Exact copy, no pictures: every line from the one that contains "暗讽Spotify涨价?苹果Apple Music发文称依然维持原来的价格" through the end of the data below, and nothing else.

***** Source data

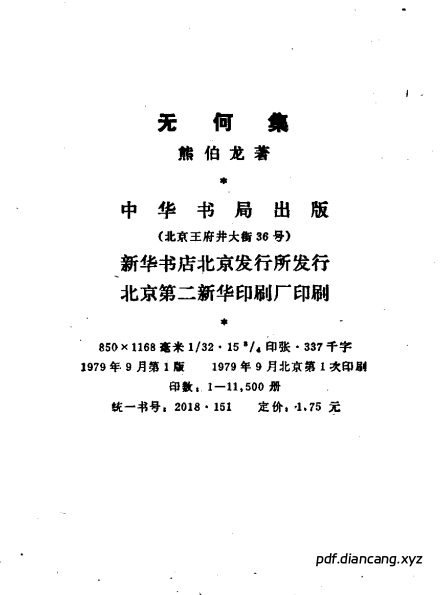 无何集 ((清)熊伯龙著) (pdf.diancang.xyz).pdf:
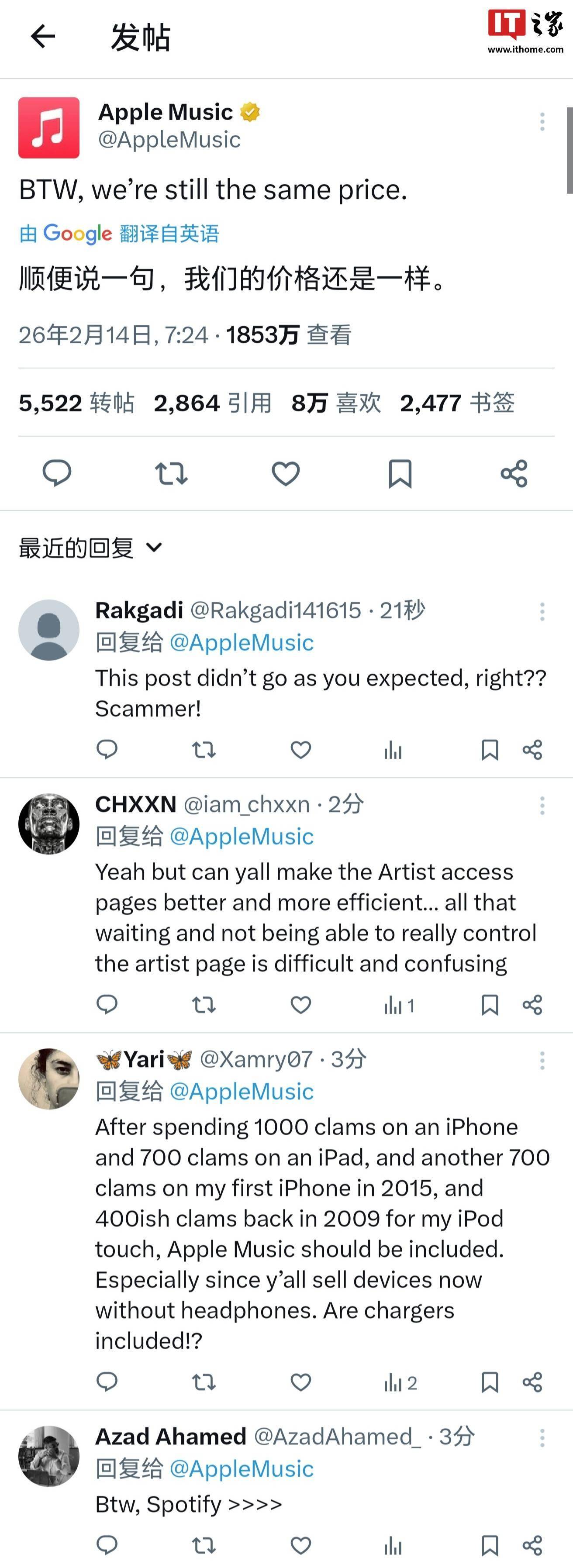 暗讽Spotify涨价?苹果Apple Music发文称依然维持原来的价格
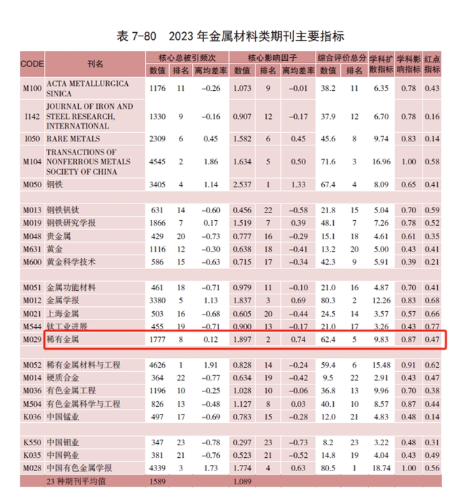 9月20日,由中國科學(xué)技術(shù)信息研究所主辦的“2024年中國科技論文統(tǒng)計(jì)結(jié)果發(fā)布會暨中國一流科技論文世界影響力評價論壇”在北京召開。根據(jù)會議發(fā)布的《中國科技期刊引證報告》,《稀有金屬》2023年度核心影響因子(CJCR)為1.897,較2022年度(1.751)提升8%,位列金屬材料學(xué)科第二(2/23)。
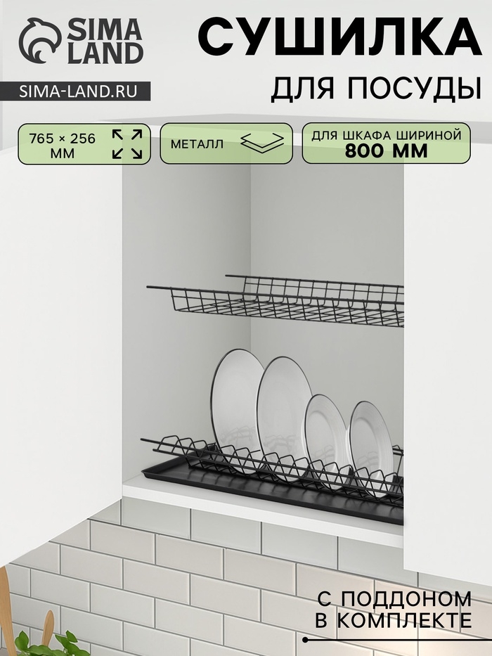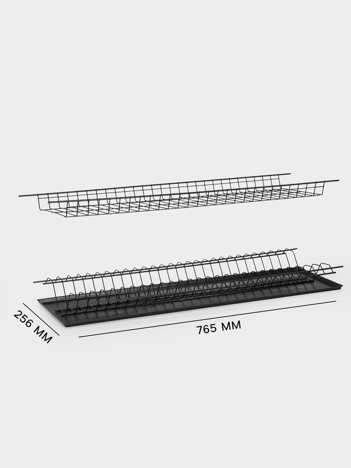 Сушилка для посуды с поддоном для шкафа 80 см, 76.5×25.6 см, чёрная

**********

■ **Result of the exercise**:
 暗讽Spotify涨价?苹果Apple Music发文称依然维持原来的价格
 9月20日,由中國科學(xué)技術(shù)信息研究所主辦的“2024年中國科技論文統(tǒng)計(jì)結(jié)果發(fā)布會暨中國一流科技論文世界影響力評價論壇”在北京召開。根據(jù)會議發(fā)布的《中國科技期刊引證報告》,《稀有金屬》2023年度核心影響因子(CJCR)為1.897,較2022年度(1.751)提升8%,位列金屬材料學(xué)科第二(2/23)。
 Сушилка для посуды с поддоном для шкафа 80 см, 76.5×25.6 см, чёрная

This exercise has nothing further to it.